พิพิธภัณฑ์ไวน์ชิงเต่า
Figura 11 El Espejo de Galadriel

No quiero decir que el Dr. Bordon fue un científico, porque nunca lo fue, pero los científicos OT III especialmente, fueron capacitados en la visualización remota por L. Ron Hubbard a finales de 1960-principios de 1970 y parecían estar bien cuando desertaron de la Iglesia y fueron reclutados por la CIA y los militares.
* * *
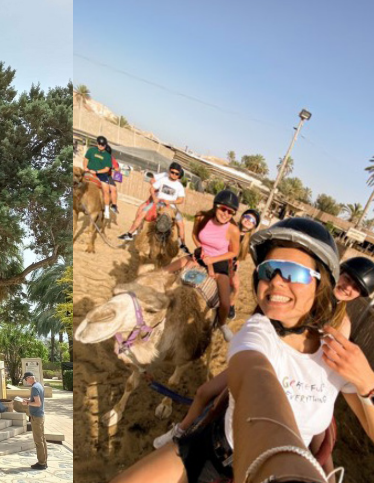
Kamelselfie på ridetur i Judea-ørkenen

__Problem__: All lines above from the one holding "พิพิธภัณฑ์ไวน์ชิงเต่า" to the one holding "No quiero decir", inclusive, are to be copied exactly; no other line is wanted.

__Task answer__:
พิพิธภัณฑ์ไวน์ชิงเต่า
Figura 11 El Espejo de Galadriel

No quiero decir que el Dr. Bordon fue un científico, porque nunca lo fue, pero los científicos OT III especialmente, fueron capacitados en la visualización remota por L. Ron Hubbard a finales de 1960-principios de 1970 y parecían estar bien cuando desertaron de la Iglesia y fueron reclutados por la CIA y los militares.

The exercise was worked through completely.